Download person images from deep fasion dataset in-shop clothes retrival benchmark and download dataset split from Google Drive.
Crop the images. Split the raw images into the train split (fashion_resize/train) and the test split (fashion_resize/test). Launch

python tool/generate_fashion_datasets.py

Note: In our settings, we crop the images of DeepFashion into the resolution of 176x256 in a center-crop manner.

Keypoints files

Download train/test pairs and train/test key points annotations from Google Drive, including fashion-resize-pairs-train.csv, fashion-resize-pairs-test.csv, fashion-resize-annotation-train.csv, fashion-resize-annotation-train.csv. Put these four files under the deepfashion directory.
Generate the pose heatmaps. Launch

python tool/generate_pose_map_fashion.py

Segmentation files

Extract human segmentation results from existing human parser (e.g. Look into Person) and merge into 8 categories. Our segmentation results are provided in Google Drive, including ‘semantic_merge2’ and ‘semantic_merge3’ in different merge manner. Put one of them under the deepfashion directory.

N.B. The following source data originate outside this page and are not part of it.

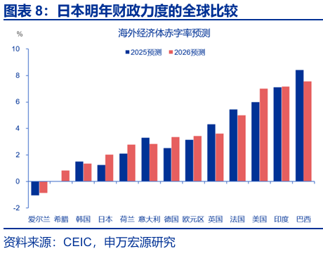 日本明年赤字率水平仍较低,但增幅扩大。2025年日本赤字率为1.3%,在发达经济体中处于较低位置,2026年,日本赤字率或抬升至2.0%,相比于美国、法国仍较低。但若从增量角度看,明年日本赤字率或走阔约0.77个点,仅低于美国、德国、希腊,高于欧元区、法国等。
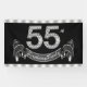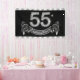 Bannière d'anniversaire de 55 ans avec de beaux chiffres diamants argentés et une jolie bannière argent et noir sur un fond noir et argent. Vous pouvez changer la couleur du fond, modifier la taille de la bannière et ajouter du texte pour personnaliser cette superbe bannière d'anniversaire de 55 ans ! Il s'agit d'une conception imprimée sans vrais diamants, argent, paillettes, etc.
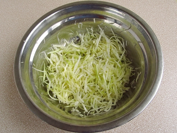 Белокочанную капусту тонко нашинковать и перетереть с солью.
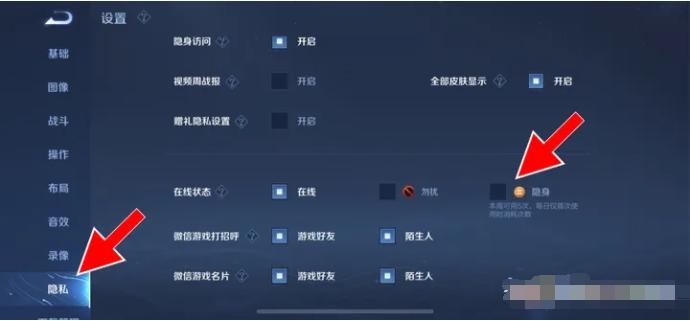 2、往下拉,在隐私模块点击,选择隐身即可!

Optionally, you can also generate these files by yourself.

Keypoints files

We use OpenPose to generate keypoints.

Download pose estimator from Google Drive. Put it under the root folder ADGAN.
Change the paths input_folder and output_path in tool/compute_coordinates.py. And then launch

python2 compute_coordinates.py

Dataset split files

python2 tool/create_pairs_dataset.py

Train a model

bash ./scripts/train.sh

Test a model

Download our pretrained model from Google Drive. Modify your data path and launch

bash ./scripts/test.sh

Evaluation

We adopt SSIM, IS, DS, CX for evaluation. This part is finished by Yiming Mao.

1) SSIM

For evaluation, Tensorflow 1.4.1(python3) is required.

python tool/getMetrics_market.py

2) DS Score

Download pretrained on VOC 300x300 model and install propper caffe version SSD. Put it in the ssd_score forlder.

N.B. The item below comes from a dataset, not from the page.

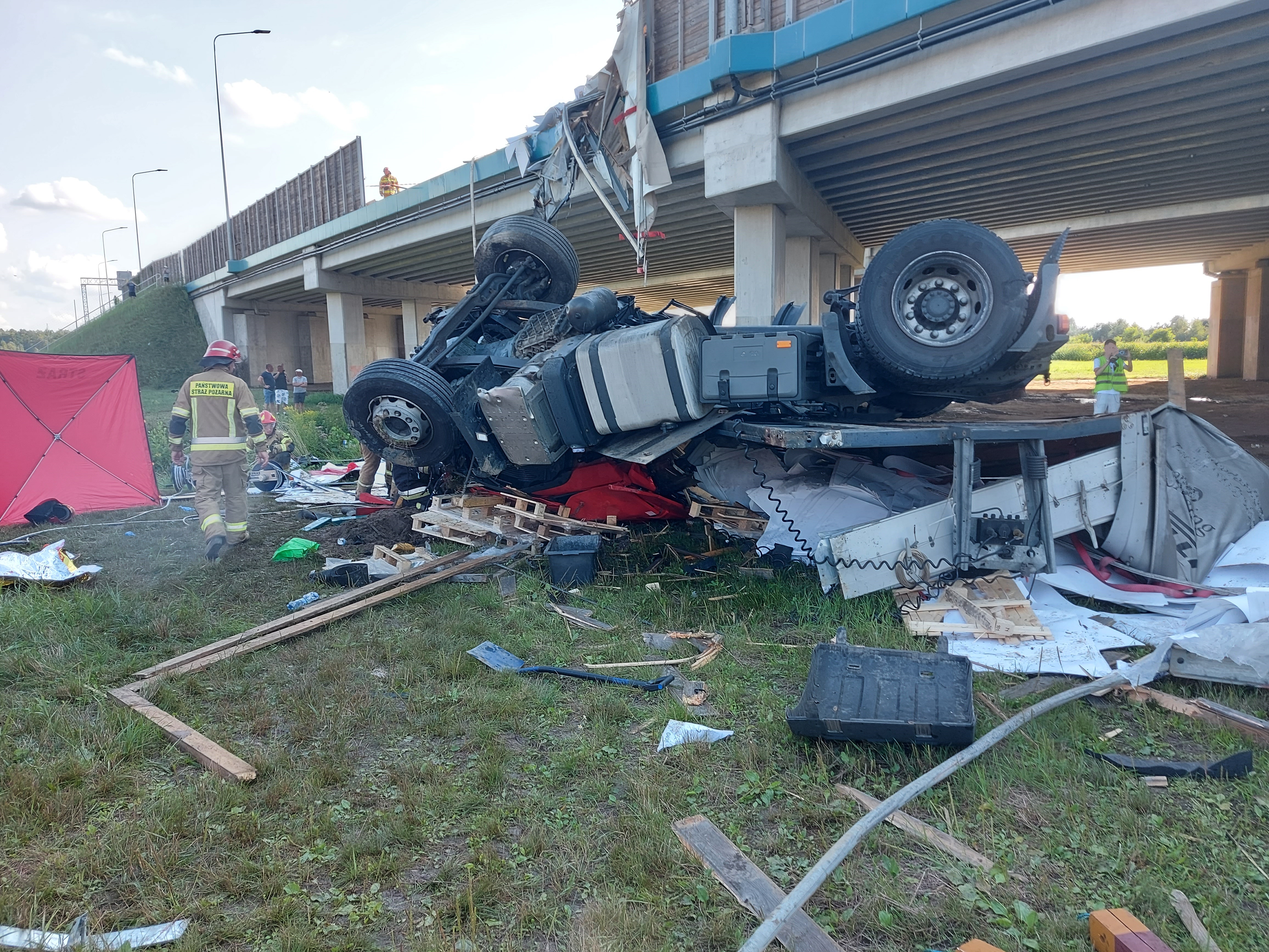 Na miejscu strażacy zastali zablokowane dwa pasy ruchu w kierunku Białegostoku oraz zniszczone trzy samochody osobowe. Samochód ciężarowy przebił bariery energochłonne i spadł z wiaduktu. Działania straży polegały na zabezpieczeniu miejsca zdarzenia, następnie przystąpiono do wykonania dostępu do zakleszczonego kierowcy ciężarówki. Niestety w wyniku odniesionych obrażeń lekarz stwierdził zgon poszkodowanego. Dodatkowo strażacy zabezpieczali lądowisko LPR i zneutralizowali wyciek paliwa z ciężarówki na rzece za pomocą zapór sorpcyjnych.

python compute_ssd_score_fashion.py --input_dir path/to/generated/images

3) CX (Contextual Score)

Refer to folder ‘cx’ to compute contextual score.

Citation

If you use this code for your research, please cite our paper:

@inproceedings{men2020controllable,
  title={Controllable Person Image Synthesis with Attribute-Decomposed GAN},
  author={Men, Yifang and Mao, Yiming and Jiang, Yuning and Ma, Wei-Ying and Lian, Zhouhui},
  booktitle={Computer Vision and Pattern Recognition (CVPR), 2020 IEEE Conference on},
  year={2020}
}

Acknowledgments

Our code is based on PATN and thanks for their great work.

Comments

Pretrained model not generating proper images

Hi,

I'm trying to generate images with the pretrained model and the provided preprocessed dataset, but I'm only getting random pixels. I wonder if I'm missing anything in my setup not mentioned in the README file. Really appreciate your help!

Sample output:

My test.sh: python test.py
--dataroot deepfashion
--dirSem deepfashion
--pairLst deepfashion/fashion-resize-pairs-test.csv
--checkpoints_dir ./checkpoints
--results_dir ./results
--name fashion_AdaGen_sty512_nres8_lre3_SS_fc_vgg_cxloss_ss_merge3
--model adgan
--phase test
--dataset_mode keypoint
--norm instance
--batchSize 1
--resize_or_crop no
--gpu_ids 0
--BP_input_nc 18
--no_flip
--which_model_netG ADGen
--which_epoch 800

My folder structure: ADGAN ├── checkpoints │ ├── fashion_AdaGen_sty512_nres8_lre3_SS_fc_vgg_cxloss_ss_merge3 │ │ ├── 1000_net_netG.pth │ │ ├── 800_net_netG.pth │ │ ├── loss_log.txt │ │ ├── opt.txt ├── cx ├── data ├── deepfashion │ ├── fashion-resize-annotation-test.csv │ ├── fashion-resize-annotation-train.csv │ ├── fashion-resize-pairs-test.csv │ ├── fashion-resize-pairs-train.csv │ ├── resized │ ├── semantic_merge2 │ ├── semantic_merge3 │ ├── test │ ├── testK │ ├── test.lst │ ├── train │ ├── trainK │ ├── train.lst │ ├── vgg19-dcbb9e9d.pth │ └── vgg_conv.pth ├── gif ├── losses ├── models ├── options ├── README.md ├── scripts ├── ssd_score ├── test.py ├── tool ├── train.py └── util

I also fixed a hardcoded path in model_adgen.py locally.

opened by JiamingFB 5
How long does training take?

Hi @menyifang ,

How long did it roughly take to train the pretrained model with 2 V100 GPUs? A few days or weeks? (I read your paper but it doesn't seem to be mentioned there.)

opened by JiamingFB 3
What is the mapping of the semantic map of person image to the merged K=8 attribute?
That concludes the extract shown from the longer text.